Más allá del seto había una hondonada y luego la tierra ascendía con suavidad hasta la loma donde se encontraba el viejo roble. Una vez pasaron el seto, Clarice miró a su alrededor. Vio su sombrero colgado en las ramas de un árbol cerca de ellos. Sin decir nada, fue a buscarlo. Warnefleet la siguió también en silencio.

Cruzó por la alta hierba extremadamente consciente de que sus sentidos estaban centrados unos metros más atrás, en el alto y atlético cuerpo de hombros anchos y elegantes músculos que la seguía. En su mente podía reproducir sin problemas no sólo su rostro — todo él duros ángulos y planos, con aquel toque de crueldad típico de ciertos varones de su clase—, sino también su físico de extremidades largas y fuertes y movimientos gráciles y controlados. Pero incluso más reveladora, más evocadora y excitante, era el aura que lo envolvía como un manto, una aura que irradiaba peligro; exótica, ilícita y desconcertantemente tentadora. Incluso más inquietante, y más extraña, era la sensación de que la veía a ella, a su verdadero yo, con claridad y aun así no tenía ganas de salir corriendo.

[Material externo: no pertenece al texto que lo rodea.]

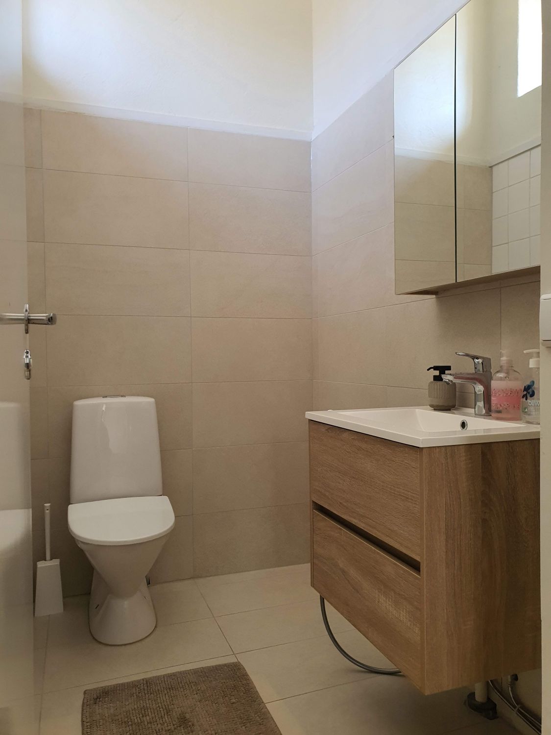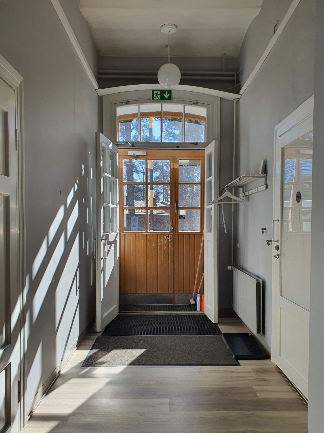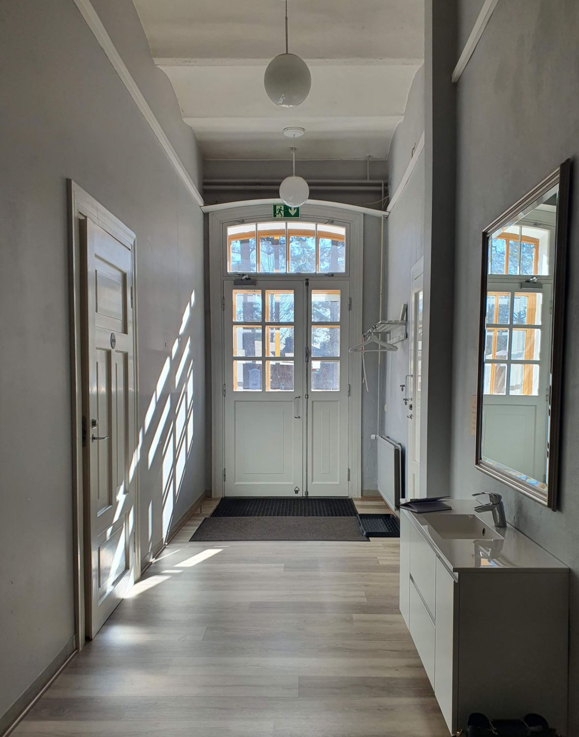 Tämä kaunis tila sisältää kolme erikokoista huonetta (44,5-/17-/9m2), upean sisääntulohallin, reilun kokoisen modernin keittiö-/taukotilan ja kaksi WC-tilaa, joista toinen inva-mitoituksella.

Sin embargo, nada de eso explicaba su propia respuesta física, la repentina tensión que la dominaba, que le afectaba a los nervios, una anticipación que se los despertaba y se los dejaba tensos cuando él no la tocaba. Para Clarice, una sensibilidad de ese tipo no tenía precedentes. Había oído hablar de semejante cosa, había visto a otras damas caer víctimas de ella, pero en su caso nunca le había sucedido. Sin duda, una reacción así no formaba parte de su estilo. Aunque, por otro lado, Warnefleet no era el típico varón arrogante. No es que fuera tan estúpida como para pensar que no era arrogante en absoluto, pero no había conocido a ninguno como él hasta el momento.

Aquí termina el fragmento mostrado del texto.